» DIRECTIONS: Transcribe the data below verbatim from the line with "USE testing; SELECT" to the line with "真皮包头厚底鞋女半拖鞋2026春夏新款复古松糕皮带扣室外凉拖鞋". Include both of those lines.

» TASK INPUTS:
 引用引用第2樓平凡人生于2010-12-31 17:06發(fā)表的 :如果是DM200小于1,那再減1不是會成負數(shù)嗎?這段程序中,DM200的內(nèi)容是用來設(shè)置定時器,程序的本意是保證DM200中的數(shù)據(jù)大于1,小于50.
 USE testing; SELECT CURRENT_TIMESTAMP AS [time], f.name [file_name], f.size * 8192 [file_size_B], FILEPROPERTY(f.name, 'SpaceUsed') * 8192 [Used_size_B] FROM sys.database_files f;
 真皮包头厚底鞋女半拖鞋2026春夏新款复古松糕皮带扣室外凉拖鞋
--
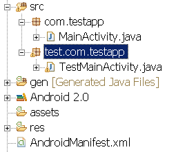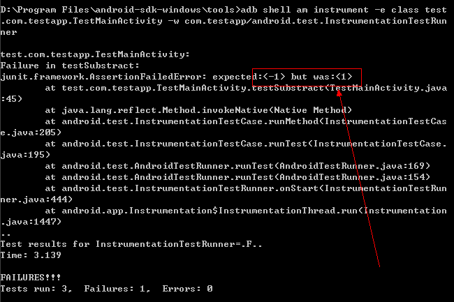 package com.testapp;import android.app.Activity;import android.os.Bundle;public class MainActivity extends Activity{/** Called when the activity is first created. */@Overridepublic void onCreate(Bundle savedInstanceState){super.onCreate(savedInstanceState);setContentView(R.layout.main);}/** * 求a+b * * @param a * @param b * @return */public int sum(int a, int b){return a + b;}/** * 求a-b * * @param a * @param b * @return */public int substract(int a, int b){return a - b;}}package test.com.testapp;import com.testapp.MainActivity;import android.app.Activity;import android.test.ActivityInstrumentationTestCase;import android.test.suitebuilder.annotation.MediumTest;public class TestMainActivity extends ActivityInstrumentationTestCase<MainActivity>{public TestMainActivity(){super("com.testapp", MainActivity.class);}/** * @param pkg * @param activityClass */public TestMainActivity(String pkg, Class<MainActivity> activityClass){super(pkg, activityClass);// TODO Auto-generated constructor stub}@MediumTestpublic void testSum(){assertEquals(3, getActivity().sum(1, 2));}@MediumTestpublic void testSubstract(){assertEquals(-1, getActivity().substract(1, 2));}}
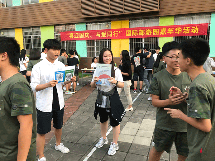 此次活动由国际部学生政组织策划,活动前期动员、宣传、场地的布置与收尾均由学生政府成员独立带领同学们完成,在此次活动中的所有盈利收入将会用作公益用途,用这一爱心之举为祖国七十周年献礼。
--
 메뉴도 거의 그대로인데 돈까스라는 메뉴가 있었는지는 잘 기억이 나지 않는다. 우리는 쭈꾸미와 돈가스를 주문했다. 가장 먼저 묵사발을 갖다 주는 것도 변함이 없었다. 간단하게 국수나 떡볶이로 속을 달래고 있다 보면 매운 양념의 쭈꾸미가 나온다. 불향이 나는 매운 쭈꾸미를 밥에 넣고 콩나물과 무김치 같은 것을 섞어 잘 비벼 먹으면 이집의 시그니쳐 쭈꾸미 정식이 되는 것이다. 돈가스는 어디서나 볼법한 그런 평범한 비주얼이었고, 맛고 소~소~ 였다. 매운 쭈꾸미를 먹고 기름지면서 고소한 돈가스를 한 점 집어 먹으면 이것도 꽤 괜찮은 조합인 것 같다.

» SOLUTION TO THE PROBLEM:
 USE testing; SELECT CURRENT_TIMESTAMP AS [time], f.name [file_name], f.size * 8192 [file_size_B], FILEPROPERTY(f.name, 'SpaceUsed') * 8192 [Used_size_B] FROM sys.database_files f;
 真皮包头厚底鞋女半拖鞋2026春夏新款复古松糕皮带扣室外凉拖鞋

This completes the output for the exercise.